Final answer:
Form 80.1 g of AlCl₃, the calculated mass of Cl₂ needed is 63.96 g. The closest answer choice to this value is 60.1 g, which indicates that 60.1 g of Cl₂ are needed for the reaction.
Step-by-step explanation:
To find out how many grams of Cl₂ are needed to form 80.1 g of AlCl₃, we first need to establish the molar mass of AlCl₃ which is 133.33 g/mol.

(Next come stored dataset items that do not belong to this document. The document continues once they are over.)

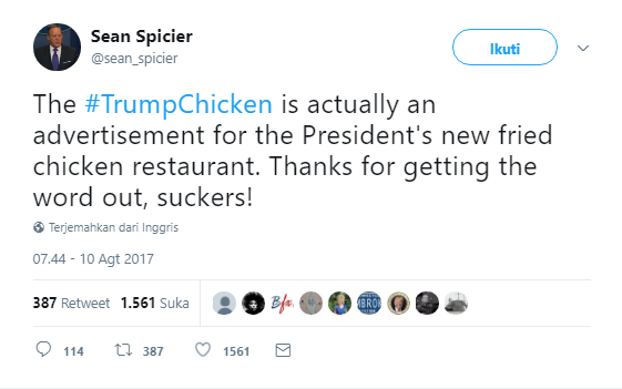 Akun milik pengguna Twitter lain, Sean Spicier, menyebutkan, "The #TrumpChicken sebenarnya adalah sebuah iklan untuk restoran ayam goreng baru presiden. Terima kasih telah menyampaikan kabar, suckers!" terangnya di Twitter.
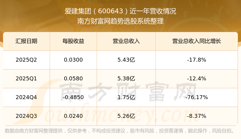 于2025年第二季度,愛建集團(tuán)披露了其業(yè)績表現(xiàn),其中主營業(yè)務(wù)收入5.43億元,相較于去年同期-17.8%。此外,公司歸屬于母公司的凈利潤為4753.87萬元,同比增長了-49.94%。在扣除所有非經(jīng)常性損益后,凈利潤-2356.67萬元,同比增長-124.82%。
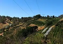 Playford's forebears had lived in the town of Norton Summit for generations. Pictured here are market gardens on the hills near the town.
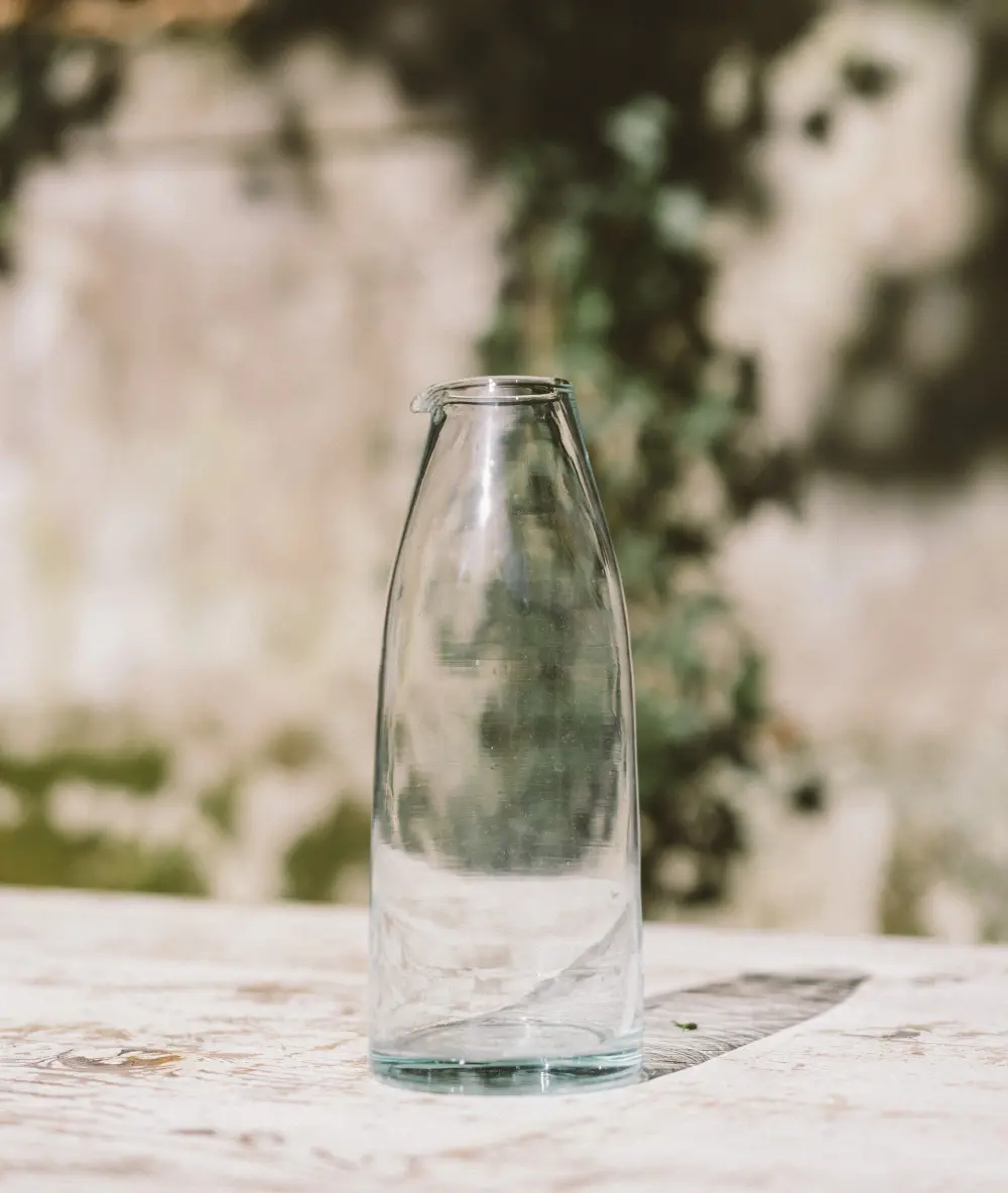 Botella para agua o leche hecha mediante la técnica de vidrio soplado reciclado. Ideal para tus comidas del día a día, o para servir un té o un zumo con nuestros vasos de vidrio soplado reciclado. De fabricación artesanal, pueden presentar burbujas o irregularidades. Todas las piezas, al estar hechas de vidrio reciclado y artesanalmente, presentan un acabado de gran calidad que las hace resistentes al lavavajillas y al microondas.
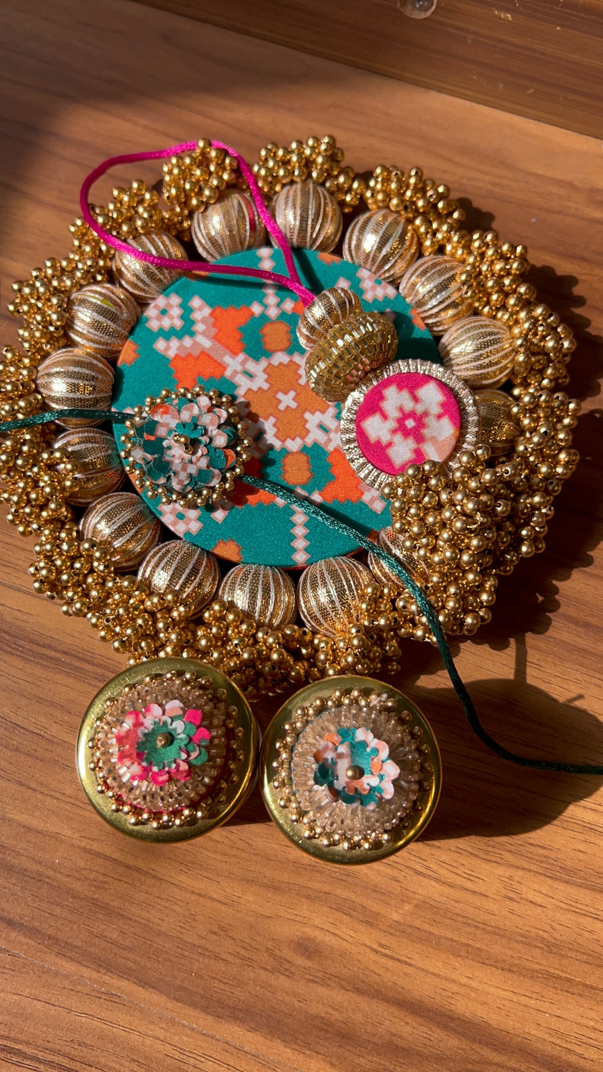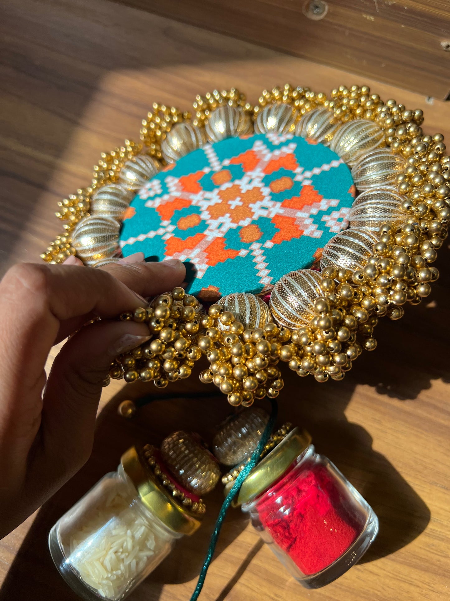 DETAILS IN DETAIL: Our IBHI is made using historic-heritage textiles of India, so of course this IBHI has its own history, not very old though. This IBHI was designed and created to place diyas and candles during the festive season, yet it evolved as a multi-purpose and versatile pallet. It is a stand alone single piece beauty, it has two different sides, it is covered in flat digital print on both sides- which makes it two-sided. The basal diameter of this pallet is 4 inches, it is firm and sturdy. The pallet has 17 tassels on the periphery which are hand-sewn on at the base, the spherical beads are made using plastic with rose gold tone gota patti wrapped inside out. Each sphere has a bunch of 85 fibre based dull golden beads. Along with the tassles, the total diameter of the pallet is 7 inches.
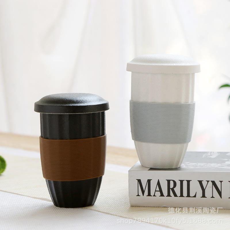 Ceramic Mug Tea Cup Japanese Breakfast Cup With Lid Creative Ceramic Tea Set Office Cup Tea Separation Gift
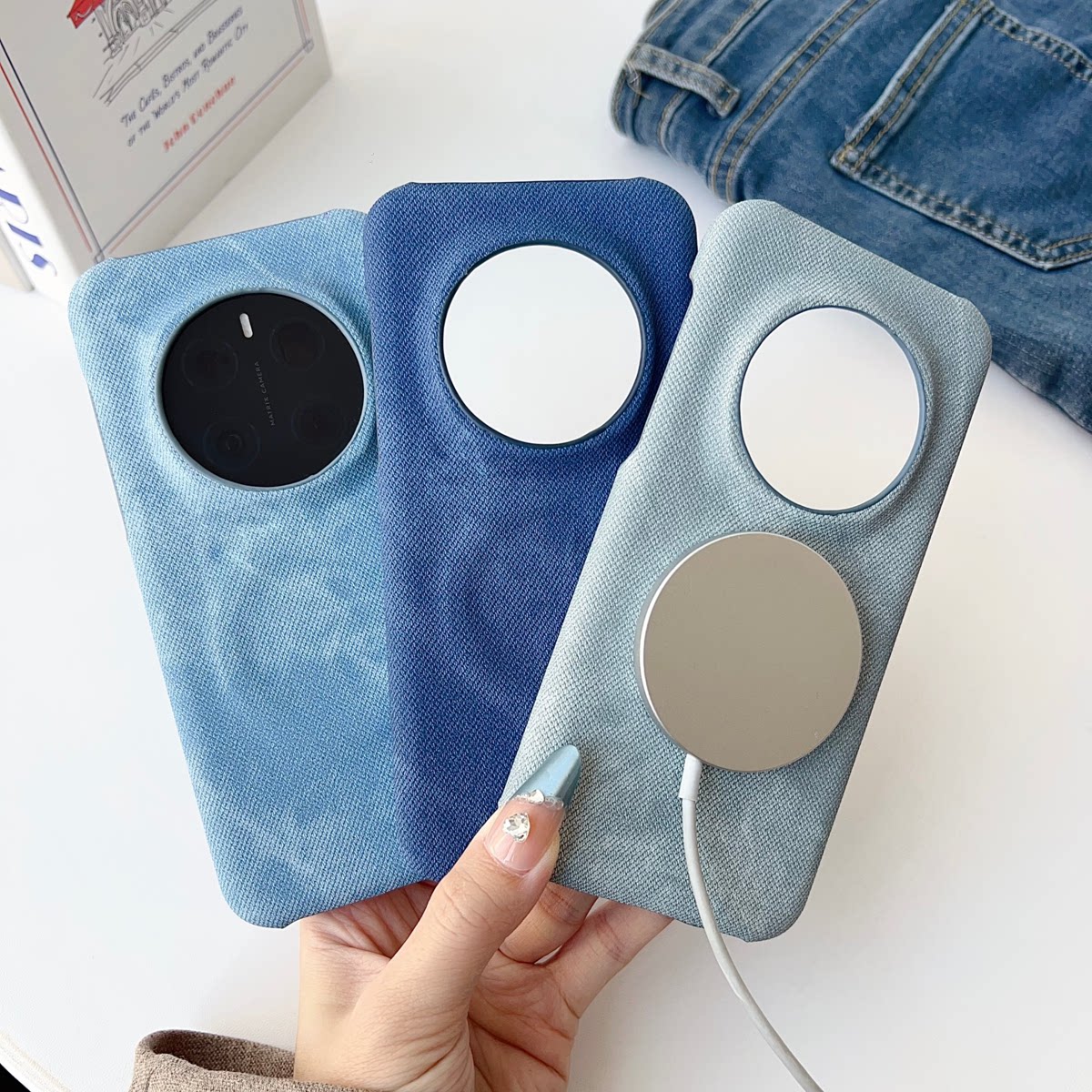 港风个性牛仔布纹适用荣耀magic7pro手机壳新款素皮耐脏魔术8Pro磁吸充电半包防摔硬壳
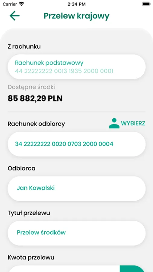 - wykonywanie przelewów krajowych, własnych i doładowań telefonów,
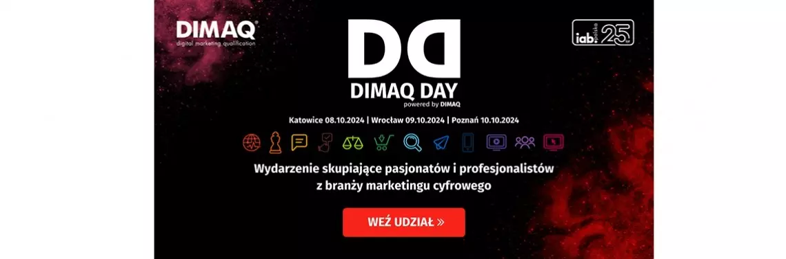 Z rewolucyjnymi zmianami w marketingu musi poradzić sobie każdy marketer – ten początkujący i ten doświadczony. Takie założenie towarzyszyło twórcom tegorocznego DIMAQ Day, konferencji cieszącej się opinią prawdziwego święta digital marketingu i jednocześnie jednego z najbardziej merytorycznych wydarzeń branży. Czołowi eksperci marketingu internetowego, social mediów, reklamy, technologii i biznesu w kilkunastu prelekcjach podzielą się praktyczną wiedzą, zaprezentują case studies i omówią rozwiązania z wielu różnych obszarów marketingu cyfrowego.
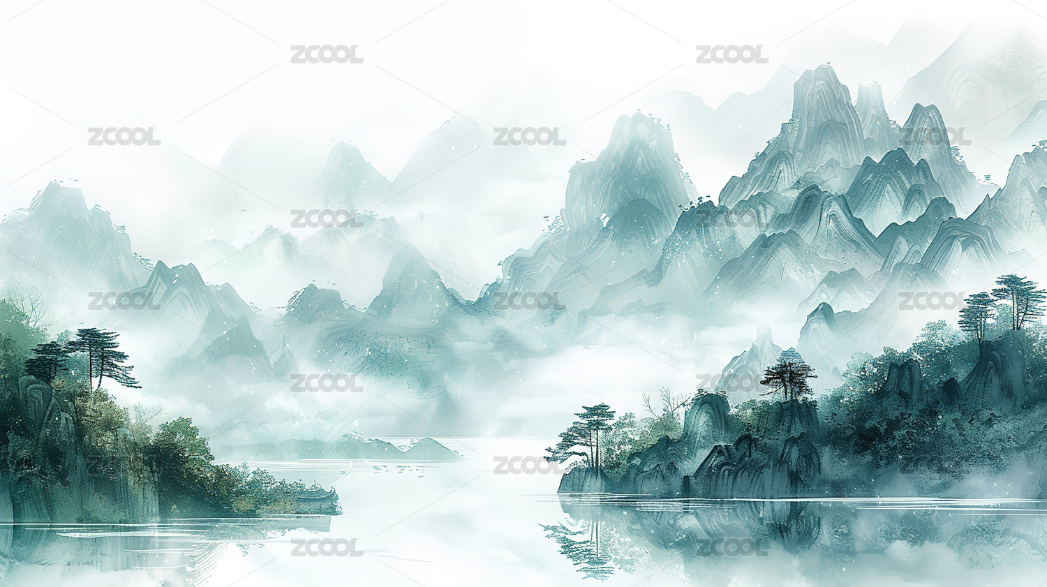 蓝色调的水墨风山水画,水墨风意境山水画概

Next, we calculate the number of moles of AlCl₃ formed by dividing 80.1 g by the molar mass of AlCl₃:
80.1 g AlCl₃ × (1 mol AlCl₃ / 133.33 g AlCl₃) = 0.601 moles of AlCl₃
Now, using the stoichiometry of the balanced chemical equation 2Al(s) + 3Cl₂(g) → 2AlCl₃(s), we see that there is a 3:2 mole ratio between Cl₂ and AlCl₃. To find the moles of Cl₂ needed, we multiply the moles of AlCl₃ by the ratio:
0.601 moles of AlCl₃ × (3 moles Cl₂ / 2 moles AlCl₃) = 0.9015 moles of Cl₂
Lastly, to find the mass of Cl₂, we multiply the moles of Cl₂ by the molar mass of Cl₂:
0.9015 moles of Cl₂ × (70.90 g/mol) = 63.96 g of Cl₂
From the choices provided, the closest amount to the calculated mass of Cl₂ needed is 60.1 g.